What is the Google Knowledge Graph?
The Google Knowledge Graph can be thought of as Google’s internal encyclopedia-like database of information for hundreds of millions of search terms. If you’ve used Google in the past few years since the Knowledge Graph launched, you’ve seen its physical manifestation in the SERPs for a number of more clear cut and black-and-white searches.
For instance, like with many other businesses, if you search “Google” within Google itself, you’ll find a window full of basic information appearing on the right of the SERPs. For a number of people/places/things searches, you’ll get similar results.
Google is getting better at what they set out to do from the start: provide the best possible search results for its users, better results than its competitors.
At the same time, this can be disconcerting for virtually any business with a website on the internet for the very question this article is about to answer:
Is Google Knowledge Graph Stealing My Traffic?
In a word, yes, it most certainly is stealing at least some of your traffic. Whether it’s your business which is being represented in the Google Knowledge Graph after a search for it, or whether you’re just a webmaster looking to get people to your site where you’ll answer the very questions which GKG likely just solved without the extra action of clicking through to a website needed, Google has found a way to hurt webmasters while serving its own interests.
Not only does Google pull basic facts, but it’s even taken to ripping content straight off of a website and presenting it atop the SERPs (to create various consequences).
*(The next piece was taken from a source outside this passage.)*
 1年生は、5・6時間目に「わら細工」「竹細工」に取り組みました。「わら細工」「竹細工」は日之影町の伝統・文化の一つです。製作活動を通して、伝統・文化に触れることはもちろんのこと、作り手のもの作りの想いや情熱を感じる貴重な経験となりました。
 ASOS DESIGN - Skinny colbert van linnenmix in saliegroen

Take this basic search which an acne sufferer might input:
The payoff or meat of the article is basically all but revealed in this snippet, leaving people little reason to click through to the article itself. This takes away from valuable traffic to the website which can help the website with the rest of its analytical efforts, and more obviously it strips the website of potential income generated from traffic based ads to the website.
Now we have to concede that in some cases, this may create more incentive to visit the website to see the full content, but in some cases Google will rip the complete content in full.
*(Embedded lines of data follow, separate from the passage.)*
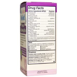 Active Ingredients HPUS: Asafoetida 8X (Asafetida), Ignatia amara 8X (Ignatius bean), Valeriana officinalis 8X (Valerian), Avena sativa 8X (Oats), Argentum nitricum 8X (Silver nitrate), Hyoscyamus niger 8X (Henbane), Paeonia officinalis 8X (Peony), Stramonium 8X (Thorn apple) and Cocculus indicus 8X (Indian berry).
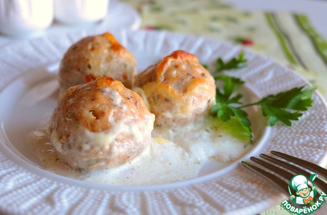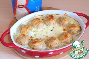 Приготовленную смесь добавить в форму с тефтелями. Форму отправить в духовой шкаф. Запекать до полной готовности блюда, а это произойдет приблизительно через 10-15 мин. В конце запекания включить гриль для образования красивой румяной корочки на поверхности тефтелей.
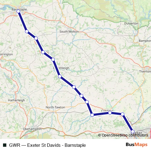 The first stop of the GWR rail route is Barnstaple and the last stop is Exeter St Davids. GWR (Exeter St Davids - Barnstaple) is operational during everyday.

Doing similar searches, you’ll find step-by-step “how to” articles showing the full steps ripped straight from the website.
It’s clear that at this phase in Google Knowledge Graphs, they still have to find a healthy balance between serving the needs of their own and the needs of the websites which create content to display in Google as there’s not much a webmaster can do about it if they find that their content has been basically ripped and plastered in the SERPs. Whether that webmaster holds the top spot or not, there’s again not much incentive for someone searching for information using Google to visit the website after they find what they need (literally) in the SERPs.
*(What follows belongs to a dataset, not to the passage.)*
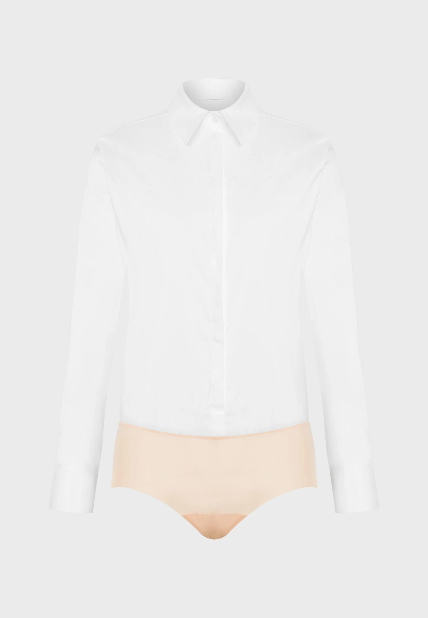 The White London Effect Panty Bodysuit combines a classic white blouse with an integrated bodysuit to create a real must-have item. Perfect for when you want to tuck your button down into your jeans or trousers but don’t want the bunched up, bulky feel, this one-piece will be your go-to styling silhouette. Complete with a polished collar and a concealed button front placket, this ladylike piece definitely belongs in your closet!

You can make the argument that this weeds out the not committed traffic, those who were just looking for a quick answer and were going to take off anyway, but again it’s costing the website traffic when all traffic is valuable one way or another. It’s one of the more important user metrics, and sure you can make the argument that if you’re already ranking number one overall in Google then what’s the difference from an SEO point of view, but that traffic can spread across your site and develop into more targeted and likely to convert traffic with the more time spent on your site, not to mention it benefits other URLs on your site and their SEO status.
All of this said, ranking number one in Google still beats the alternative, even accounting for the Knowledge Graph, and as its concept develops, you’ll likely see Google make more of an effort to give more obvious credit to the website and encourage traffic to flow to it.
And remember that your targeted audience, the ones who are already more likely to turn into converting customers, will still find their way to your website, so keep optimizing for Google, Bing, Yahoo, etc.